_Work task_
Return each record word for word, keeping none of its pictures.

[Data excerpts]
################
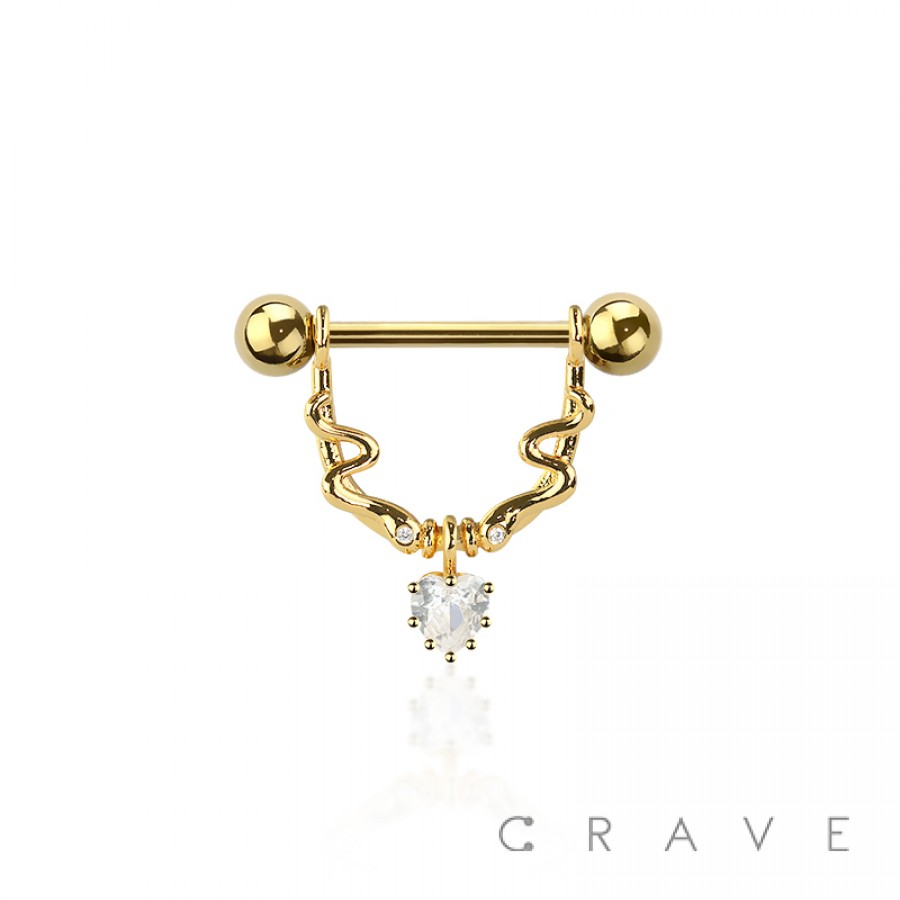 SNAKE CZ DANGLE HEART 316L SURGICAL STEEL NIPPLE RING
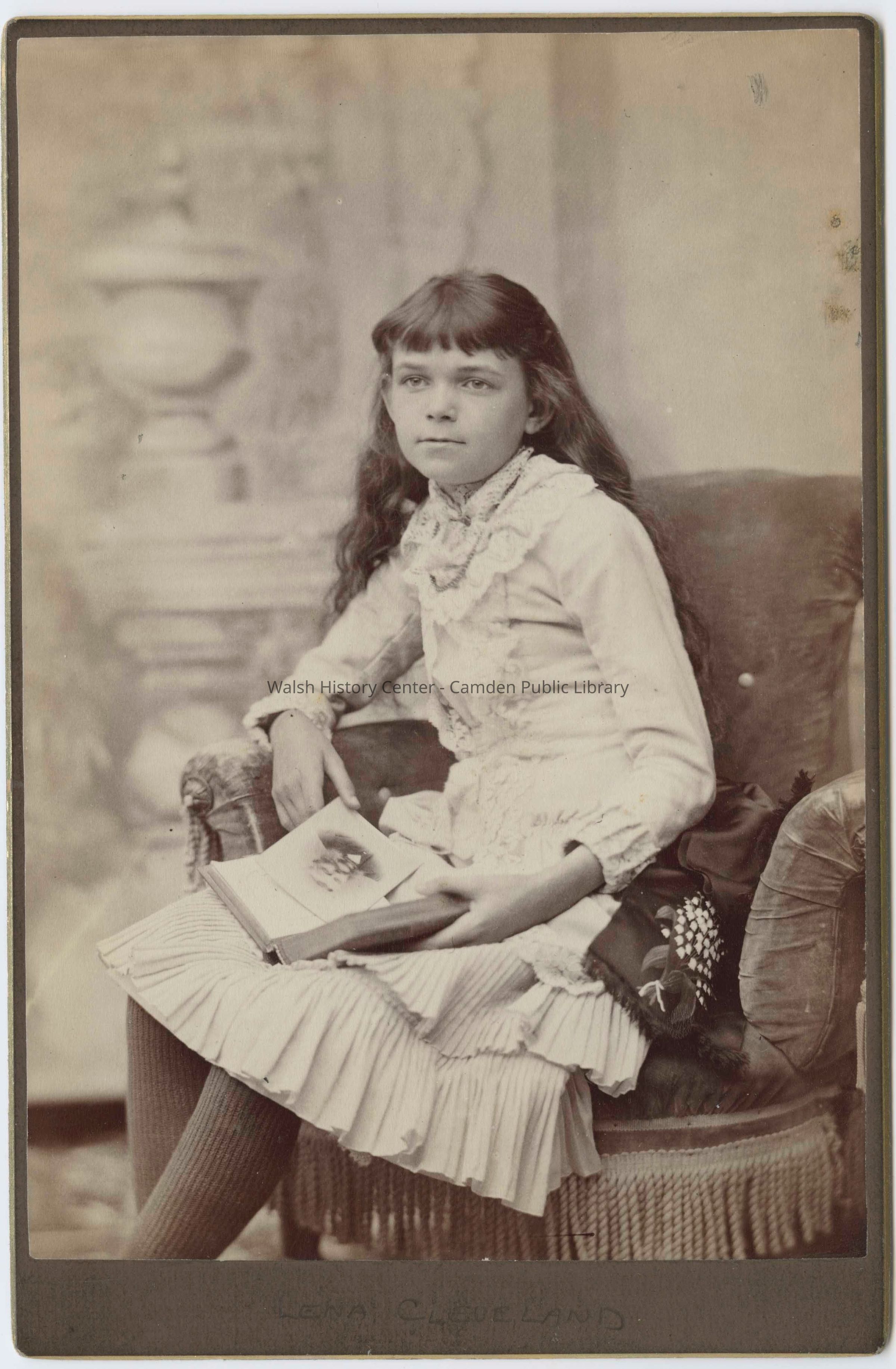 Sepia cabinet card photograph of Lena Cleveland as a young girl, likely around 1880. She is seated wearing a ruffled dress and dark knit stockings, and she is holding a photograph of an older man, perhaps her father.Collection
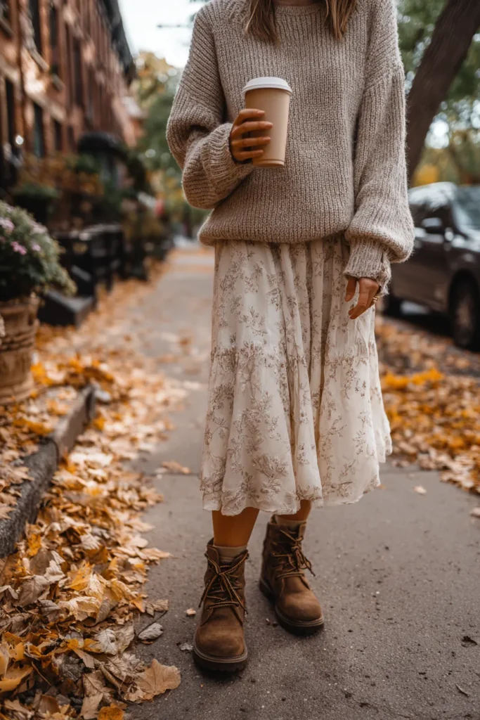 This outfit is the definition of cozy meets feminine. She’s wearing a thick, oversized beige sweater tucked just enough into a flowy cream midi skirt covered in a soft floral print. The outfit is finished with lace-up brown boots that give the whole look a rustic, autumn-in-the-city vibe. The mix of textures feels perfectly balanced—the knit keeps things warm and grounded while the airy skirt adds movement and charm.
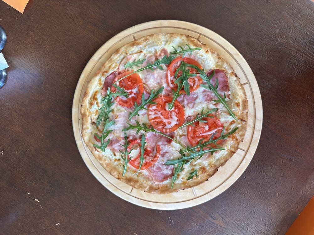 Тесто для пиццы, соус пелати,сыр моцарелла,ветчина с/в,томаты,руккола,специи
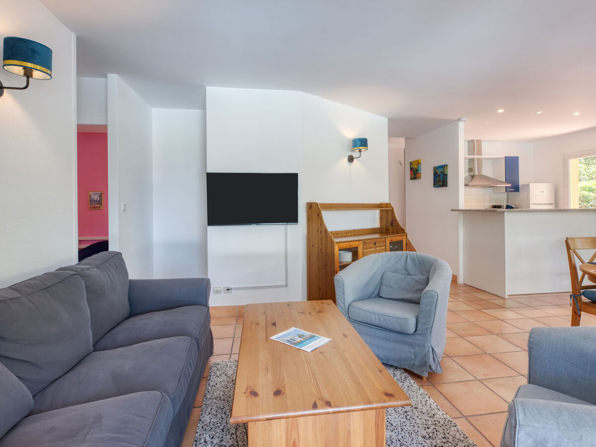 Aménagement confortable: séjour/salle à manger avec TV.
################
_Result for this task_
 SNAKE CZ DANGLE HEART 316L SURGICAL STEEL NIPPLE RING
 Sepia cabinet card photograph of Lena Cleveland as a young girl, likely around 1880. She is seated wearing a ruffled dress and dark knit stockings, and she is holding a photograph of an older man, perhaps her father.Collection
 This outfit is the definition of cozy meets feminine. She’s wearing a thick, oversized beige sweater tucked just enough into a flowy cream midi skirt covered in a soft floral print. The outfit is finished with lace-up brown boots that give the whole look a rustic, autumn-in-the-city vibe. The mix of textures feels perfectly balanced—the knit keeps things warm and grounded while the airy skirt adds movement and charm.
 Тесто для пиццы, соус пелати,сыр моцарелла,ветчина с/в,томаты,руккола,специи
 Aménagement confortable: séjour/salle à manger avec TV.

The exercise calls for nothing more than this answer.